54. Client Asset Disclosure and Records

(i) Where AMSL maintains statutory records on behalf of the Client, including but not limited to F-Gas logs, service reports, and asset registers, such records are prepared in reliance on the information provided by the Client.

(ii) AMSL accepts no liability for omissions, non-compliance, or penalties arising from systems or assets not disclosed to AMSL by the Client.

55. Long-Term Force Majeure

(i) If a Force Majeure event (as defined in Clause 30) continues for a period exceeding 60 days, the parties shall meet in good faith to agree reasonable variations to the contract, including suspension or rescheduling of Services.

(ii) Where agreement cannot be reached, either party may terminate the contract on 14 days’ written notice. All Services delivered and costs incurred up to the date of termination will remain payable by the Client.

56. Indexation of Charges

(i) Where multi-year pricing is agreed, AMSL reserves the right to apply an annual increase to service charges in line with the UK Consumer Price Index (CPI), subject to a minimum of 2% and a maximum of 5% per annum.

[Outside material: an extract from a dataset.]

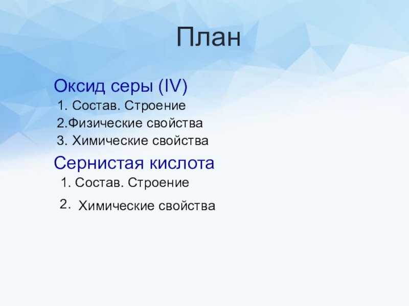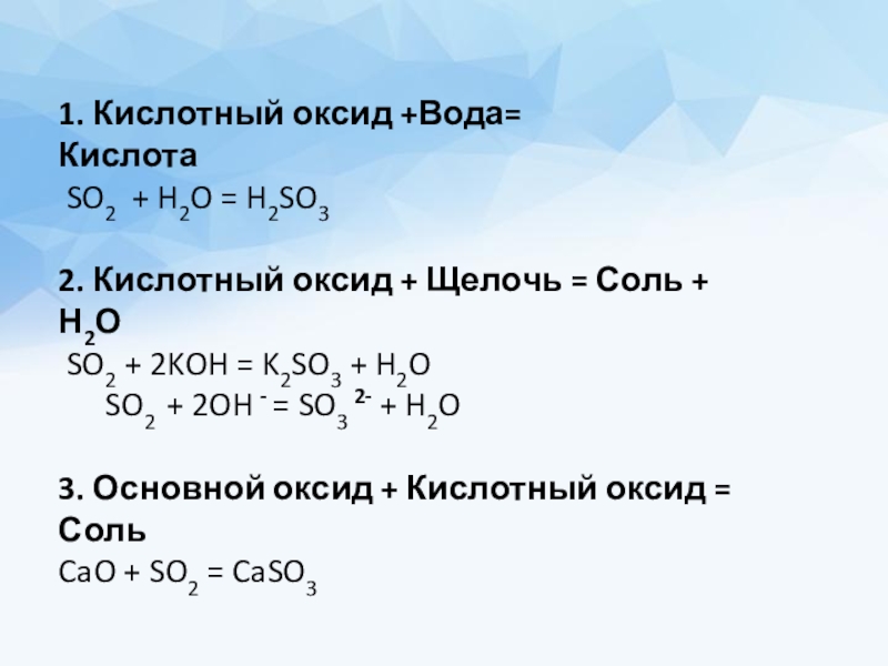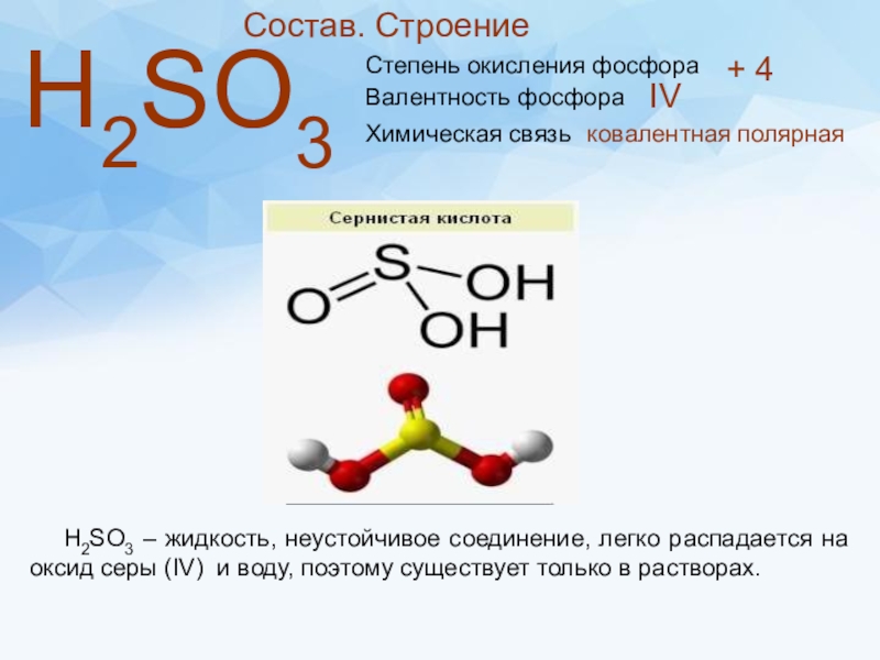 Н2SО3 – жидкость, неустойчивое соединение, легко распадается на оксид серы (IV) и воду, поэтому существует только в растворах.
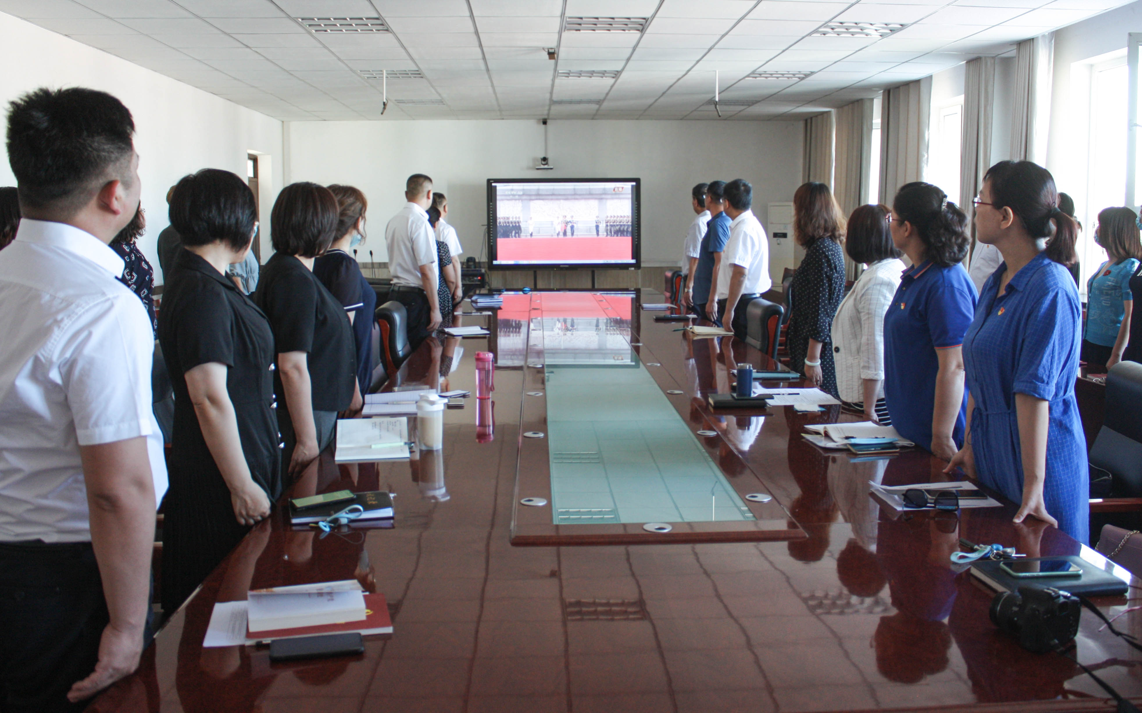 观看过程中,大家一直心潮澎湃,红旗招展、军乐嘹亮、礼炮轰鸣、“巨轮”起航、“雄鹰”翱翔,展示着在中国共产党领导下祖国的飞腾发展,国家富强、民族振兴、人民幸福的辉煌成就。

(ii) Any such adjustment shall take effect on the anniversary of the contract start date and will be notified to the Client in writing not less than 30 days in advance.

57. Health & Safety Compliance

(i) The Client must notify AMSL of any changes to site-specific health and safety requirements, policies, or rules during the term of the contract.

(ii) AMSL reserves the right to suspend Services where site conditions present an unacceptable risk to AMSL personnel, equipment, or subcontractors.

(iii) Where Services are suspended due to unsafe conditions, the visit may be deemed completed and chargeable in full.

58. Service Visit Rescheduling

(i) If the Client cancels or reschedules a planned maintenance visit with less than 72 hours’ written notice, AMSL reserves the right to charge 50% of the visit cost.

(ii) Where AMSL is able to redeploy resources effectively, such charge may, at AMSL’s discretion, be waived.

59. Non-Payment under Fixed-Term Contracts

(i) Failure by the Client to make payment within agreed terms shall entitle AMSL to suspend Services and/or terminate the agreement with immediate effect.

(ii) In the event of such termination, the balance of all remaining contract charges for the unexpired portion of the fixed-term agreement shall become immediately due and payable in full.

60. Change of Law and Compliance Costs

(i) If, during the term of a fixed-term contract, a change in law, regulation, or recognised industry standard results in additional compliance obligations or increased costs in providing the Services, AMSL shall be entitled to recover such additional costs from the Client on a fair and reasonable basis.

(ii) AMSL shall provide written notice of any such change, together with supporting details of the additional costs to be applied.